» **WHAT YOU SHOULD DO**
Skip the pictures. Give all the data again exactly.

» **SUPPLIED DATA**
########
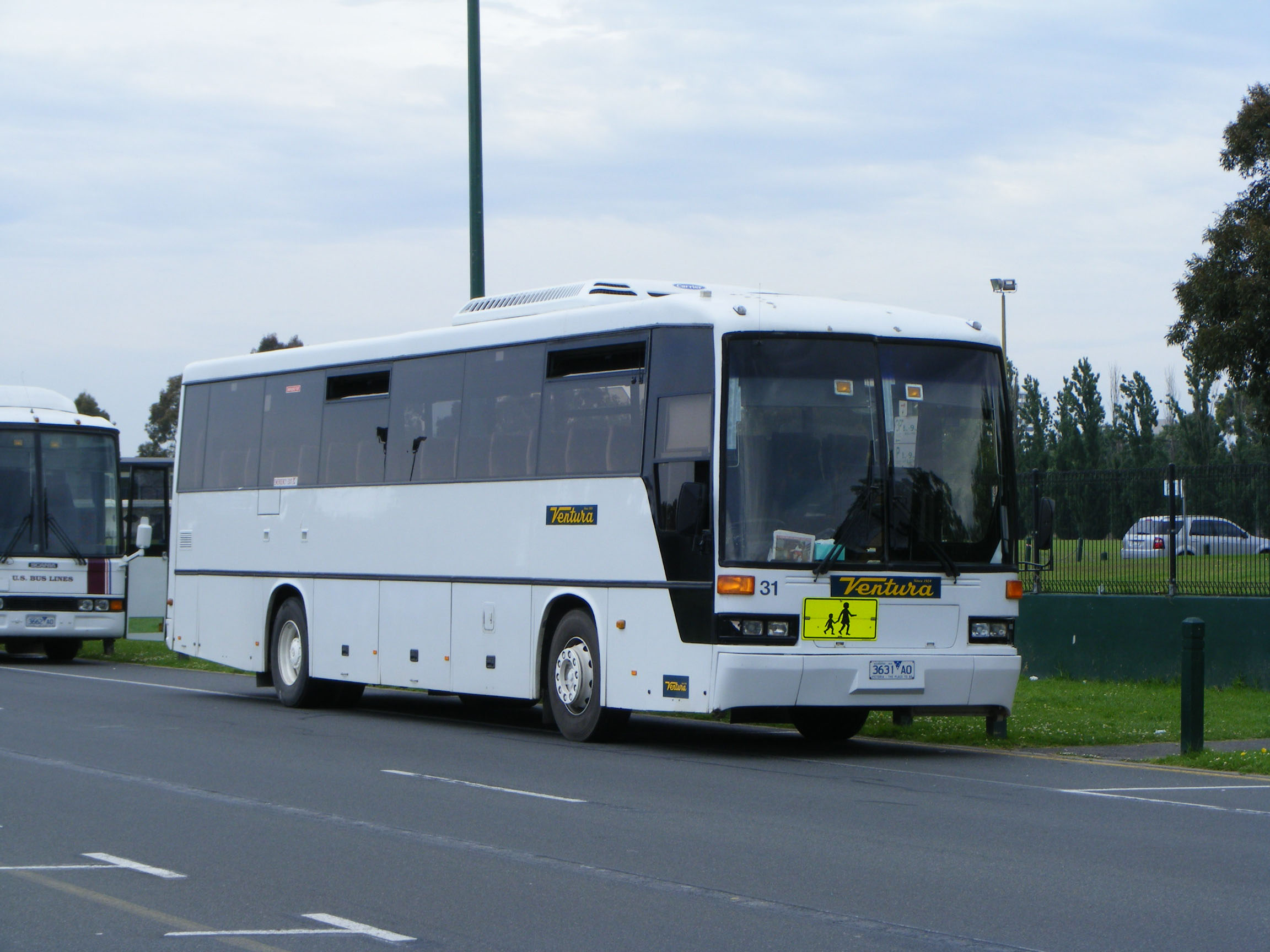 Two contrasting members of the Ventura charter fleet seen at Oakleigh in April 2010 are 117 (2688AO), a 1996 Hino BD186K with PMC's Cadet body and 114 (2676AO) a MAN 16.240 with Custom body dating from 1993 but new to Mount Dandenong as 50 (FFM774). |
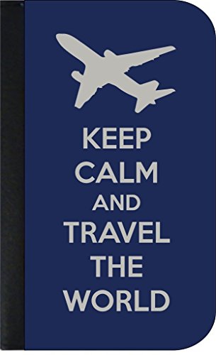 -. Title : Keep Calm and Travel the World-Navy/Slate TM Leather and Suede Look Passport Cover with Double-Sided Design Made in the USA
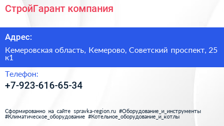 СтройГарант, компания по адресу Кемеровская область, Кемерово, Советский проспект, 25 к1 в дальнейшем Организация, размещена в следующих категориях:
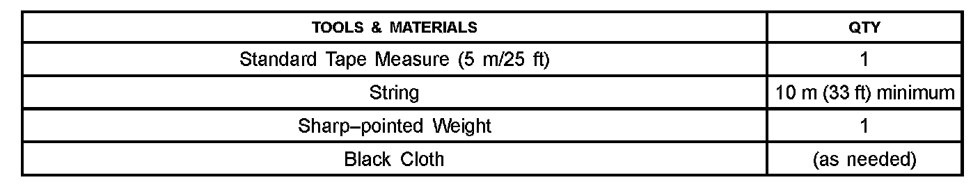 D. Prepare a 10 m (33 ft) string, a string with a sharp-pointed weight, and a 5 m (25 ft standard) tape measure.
########
» **RESULT OF THE TASK**
 Two contrasting members of the Ventura charter fleet seen at Oakleigh in April 2010 are 117 (2688AO), a 1996 Hino BD186K with PMC's Cadet body and 114 (2676AO) a MAN 16.240 with Custom body dating from 1993 but new to Mount Dandenong as 50 (FFM774). |
 -. Title : Keep Calm and Travel the World-Navy/Slate TM Leather and Suede Look Passport Cover with Double-Sided Design Made in the USA
 СтройГарант, компания по адресу Кемеровская область, Кемерово, Советский проспект, 25 к1 в дальнейшем Организация, размещена в следующих категориях:
 D. Prepare a 10 m (33 ft) string, a string with a sharp-pointed weight, and a 5 m (25 ft standard) tape measure.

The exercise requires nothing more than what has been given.